# Task details
Verbatim copy, images excluded: write out each record shown below.

##### Input material #####

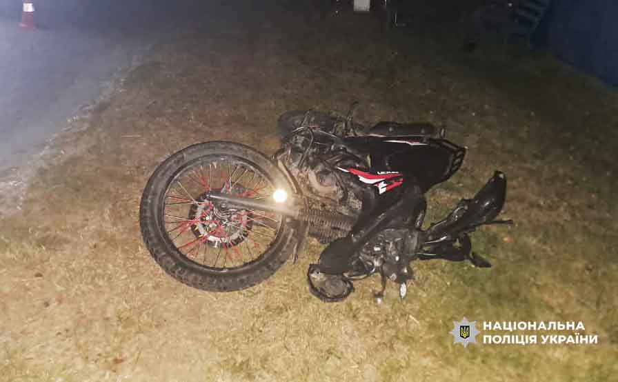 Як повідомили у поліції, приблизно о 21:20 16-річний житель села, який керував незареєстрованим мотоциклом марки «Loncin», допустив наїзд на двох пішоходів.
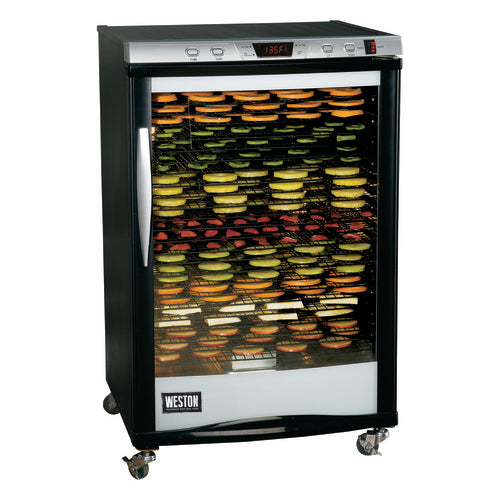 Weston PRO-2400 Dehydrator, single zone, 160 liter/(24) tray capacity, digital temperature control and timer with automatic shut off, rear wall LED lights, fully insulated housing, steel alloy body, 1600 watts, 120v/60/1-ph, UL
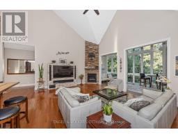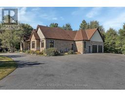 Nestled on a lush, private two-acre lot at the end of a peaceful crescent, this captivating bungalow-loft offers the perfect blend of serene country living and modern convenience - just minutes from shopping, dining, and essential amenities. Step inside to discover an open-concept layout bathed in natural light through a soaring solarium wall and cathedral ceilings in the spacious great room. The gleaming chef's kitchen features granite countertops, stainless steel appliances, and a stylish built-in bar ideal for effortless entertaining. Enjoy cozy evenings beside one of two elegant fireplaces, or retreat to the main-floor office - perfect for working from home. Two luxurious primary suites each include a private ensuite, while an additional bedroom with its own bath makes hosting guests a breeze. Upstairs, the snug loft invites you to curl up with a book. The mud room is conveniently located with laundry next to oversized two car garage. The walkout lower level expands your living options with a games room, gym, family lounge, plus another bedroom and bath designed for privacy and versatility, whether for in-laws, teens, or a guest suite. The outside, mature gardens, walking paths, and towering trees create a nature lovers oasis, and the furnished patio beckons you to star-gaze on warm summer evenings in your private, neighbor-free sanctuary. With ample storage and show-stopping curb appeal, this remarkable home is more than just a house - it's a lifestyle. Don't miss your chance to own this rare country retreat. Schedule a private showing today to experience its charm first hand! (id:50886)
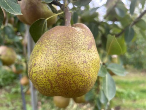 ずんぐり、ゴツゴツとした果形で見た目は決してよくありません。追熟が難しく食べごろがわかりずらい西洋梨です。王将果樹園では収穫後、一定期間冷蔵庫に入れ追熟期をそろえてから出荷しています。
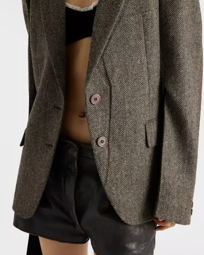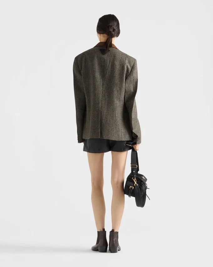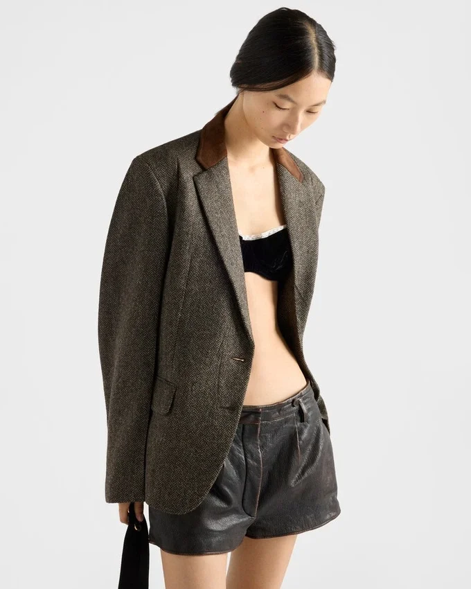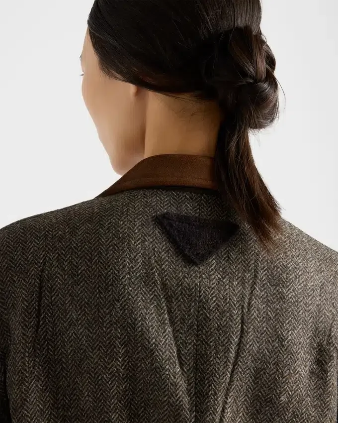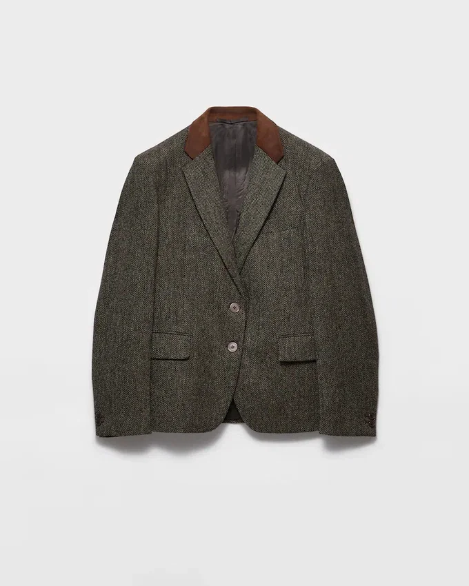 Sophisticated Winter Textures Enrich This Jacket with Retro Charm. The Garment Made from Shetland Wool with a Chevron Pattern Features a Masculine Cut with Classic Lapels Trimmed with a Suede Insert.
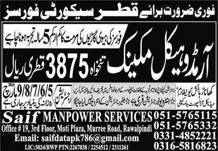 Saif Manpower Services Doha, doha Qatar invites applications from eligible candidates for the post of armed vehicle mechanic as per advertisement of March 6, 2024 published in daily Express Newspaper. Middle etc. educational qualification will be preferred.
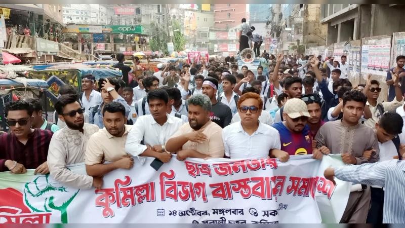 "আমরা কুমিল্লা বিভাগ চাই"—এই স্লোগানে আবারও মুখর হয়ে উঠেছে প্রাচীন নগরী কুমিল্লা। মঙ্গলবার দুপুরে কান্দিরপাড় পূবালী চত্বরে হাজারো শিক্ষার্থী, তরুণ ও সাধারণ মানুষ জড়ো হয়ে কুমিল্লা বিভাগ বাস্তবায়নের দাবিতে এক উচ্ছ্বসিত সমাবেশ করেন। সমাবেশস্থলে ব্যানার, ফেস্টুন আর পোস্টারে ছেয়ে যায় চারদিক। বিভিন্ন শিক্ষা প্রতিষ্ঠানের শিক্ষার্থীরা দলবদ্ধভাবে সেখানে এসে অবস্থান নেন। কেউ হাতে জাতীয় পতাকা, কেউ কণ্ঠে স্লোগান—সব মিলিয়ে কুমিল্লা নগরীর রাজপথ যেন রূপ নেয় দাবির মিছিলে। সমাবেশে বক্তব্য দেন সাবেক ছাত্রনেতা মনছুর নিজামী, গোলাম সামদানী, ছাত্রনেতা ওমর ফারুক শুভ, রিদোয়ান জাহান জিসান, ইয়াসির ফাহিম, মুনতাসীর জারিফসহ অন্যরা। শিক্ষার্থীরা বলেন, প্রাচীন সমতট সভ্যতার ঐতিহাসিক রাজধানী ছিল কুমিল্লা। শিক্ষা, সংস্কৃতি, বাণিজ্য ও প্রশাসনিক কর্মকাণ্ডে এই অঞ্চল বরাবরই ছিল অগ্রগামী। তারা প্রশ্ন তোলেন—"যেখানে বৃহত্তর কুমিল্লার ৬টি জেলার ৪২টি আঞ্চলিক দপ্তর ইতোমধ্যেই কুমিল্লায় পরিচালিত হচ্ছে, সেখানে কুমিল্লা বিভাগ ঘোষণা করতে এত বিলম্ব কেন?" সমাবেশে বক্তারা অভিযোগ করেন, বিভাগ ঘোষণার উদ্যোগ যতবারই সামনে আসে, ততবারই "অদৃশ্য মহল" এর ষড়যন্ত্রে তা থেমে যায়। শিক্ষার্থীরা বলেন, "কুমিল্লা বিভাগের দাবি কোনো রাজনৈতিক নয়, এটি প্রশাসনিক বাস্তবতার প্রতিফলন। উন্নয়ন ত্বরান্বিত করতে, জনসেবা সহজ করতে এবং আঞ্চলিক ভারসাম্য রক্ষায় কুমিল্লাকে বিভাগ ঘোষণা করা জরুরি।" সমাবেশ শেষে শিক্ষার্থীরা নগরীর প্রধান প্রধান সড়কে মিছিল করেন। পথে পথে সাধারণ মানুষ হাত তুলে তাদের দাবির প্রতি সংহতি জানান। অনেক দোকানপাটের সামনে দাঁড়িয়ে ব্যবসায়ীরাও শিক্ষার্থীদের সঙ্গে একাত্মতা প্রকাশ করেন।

#####

# Output for this task
 Як повідомили у поліції, приблизно о 21:20 16-річний житель села, який керував незареєстрованим мотоциклом марки «Loncin», допустив наїзд на двох пішоходів.
 Weston PRO-2400 Dehydrator, single zone, 160 liter/(24) tray capacity, digital temperature control and timer with automatic shut off, rear wall LED lights, fully insulated housing, steel alloy body, 1600 watts, 120v/60/1-ph, UL
 Nestled on a lush, private two-acre lot at the end of a peaceful crescent, this captivating bungalow-loft offers the perfect blend of serene country living and modern convenience - just minutes from shopping, dining, and essential amenities. Step inside to discover an open-concept layout bathed in natural light through a soaring solarium wall and cathedral ceilings in the spacious great room. The gleaming chef's kitchen features granite countertops, stainless steel appliances, and a stylish built-in bar ideal for effortless entertaining. Enjoy cozy evenings beside one of two elegant fireplaces, or retreat to the main-floor office - perfect for working from home. Two luxurious primary suites each include a private ensuite, while an additional bedroom with its own bath makes hosting guests a breeze. Upstairs, the snug loft invites you to curl up with a book. The mud room is conveniently located with laundry next to oversized two car garage. The walkout lower level expands your living options with a games room, gym, family lounge, plus another bedroom and bath designed for privacy and versatility, whether for in-laws, teens, or a guest suite. The outside, mature gardens, walking paths, and towering trees create a nature lovers oasis, and the furnished patio beckons you to star-gaze on warm summer evenings in your private, neighbor-free sanctuary. With ample storage and show-stopping curb appeal, this remarkable home is more than just a house - it's a lifestyle. Don't miss your chance to own this rare country retreat. Schedule a private showing today to experience its charm first hand! (id:50886)
 ずんぐり、ゴツゴツとした果形で見た目は決してよくありません。追熟が難しく食べごろがわかりずらい西洋梨です。王将果樹園では収穫後、一定期間冷蔵庫に入れ追熟期をそろえてから出荷しています。
 Sophisticated Winter Textures Enrich This Jacket with Retro Charm. The Garment Made from Shetland Wool with a Chevron Pattern Features a Masculine Cut with Classic Lapels Trimmed with a Suede Insert.
 Saif Manpower Services Doha, doha Qatar invites applications from eligible candidates for the post of armed vehicle mechanic as per advertisement of March 6, 2024 published in daily Express Newspaper. Middle etc. educational qualification will be preferred.
 "আমরা কুমিল্লা বিভাগ চাই"—এই স্লোগানে আবারও মুখর হয়ে উঠেছে প্রাচীন নগরী কুমিল্লা। মঙ্গলবার দুপুরে কান্দিরপাড় পূবালী চত্বরে হাজারো শিক্ষার্থী, তরুণ ও সাধারণ মানুষ জড়ো হয়ে কুমিল্লা বিভাগ বাস্তবায়নের দাবিতে এক উচ্ছ্বসিত সমাবেশ করেন। সমাবেশস্থলে ব্যানার, ফেস্টুন আর পোস্টারে ছেয়ে যায় চারদিক। বিভিন্ন শিক্ষা প্রতিষ্ঠানের শিক্ষার্থীরা দলবদ্ধভাবে সেখানে এসে অবস্থান নেন। কেউ হাতে জাতীয় পতাকা, কেউ কণ্ঠে স্লোগান—সব মিলিয়ে কুমিল্লা নগরীর রাজপথ যেন রূপ নেয় দাবির মিছিলে। সমাবেশে বক্তব্য দেন সাবেক ছাত্রনেতা মনছুর নিজামী, গোলাম সামদানী, ছাত্রনেতা ওমর ফারুক শুভ, রিদোয়ান জাহান জিসান, ইয়াসির ফাহিম, মুনতাসীর জারিফসহ অন্যরা। শিক্ষার্থীরা বলেন, প্রাচীন সমতট সভ্যতার ঐতিহাসিক রাজধানী ছিল কুমিল্লা। শিক্ষা, সংস্কৃতি, বাণিজ্য ও প্রশাসনিক কর্মকাণ্ডে এই অঞ্চল বরাবরই ছিল অগ্রগামী। তারা প্রশ্ন তোলেন—"যেখানে বৃহত্তর কুমিল্লার ৬টি জেলার ৪২টি আঞ্চলিক দপ্তর ইতোমধ্যেই কুমিল্লায় পরিচালিত হচ্ছে, সেখানে কুমিল্লা বিভাগ ঘোষণা করতে এত বিলম্ব কেন?" সমাবেশে বক্তারা অভিযোগ করেন, বিভাগ ঘোষণার উদ্যোগ যতবারই সামনে আসে, ততবারই "অদৃশ্য মহল" এর ষড়যন্ত্রে তা থেমে যায়। শিক্ষার্থীরা বলেন, "কুমিল্লা বিভাগের দাবি কোনো রাজনৈতিক নয়, এটি প্রশাসনিক বাস্তবতার প্রতিফলন। উন্নয়ন ত্বরান্বিত করতে, জনসেবা সহজ করতে এবং আঞ্চলিক ভারসাম্য রক্ষায় কুমিল্লাকে বিভাগ ঘোষণা করা জরুরি।" সমাবেশ শেষে শিক্ষার্থীরা নগরীর প্রধান প্রধান সড়কে মিছিল করেন। পথে পথে সাধারণ মানুষ হাত তুলে তাদের দাবির প্রতি সংহতি জানান। অনেক দোকানপাটের সামনে দাঁড়িয়ে ব্যবসায়ীরাও শিক্ষার্থীদের সঙ্গে একাত্মতা প্রকাশ করেন।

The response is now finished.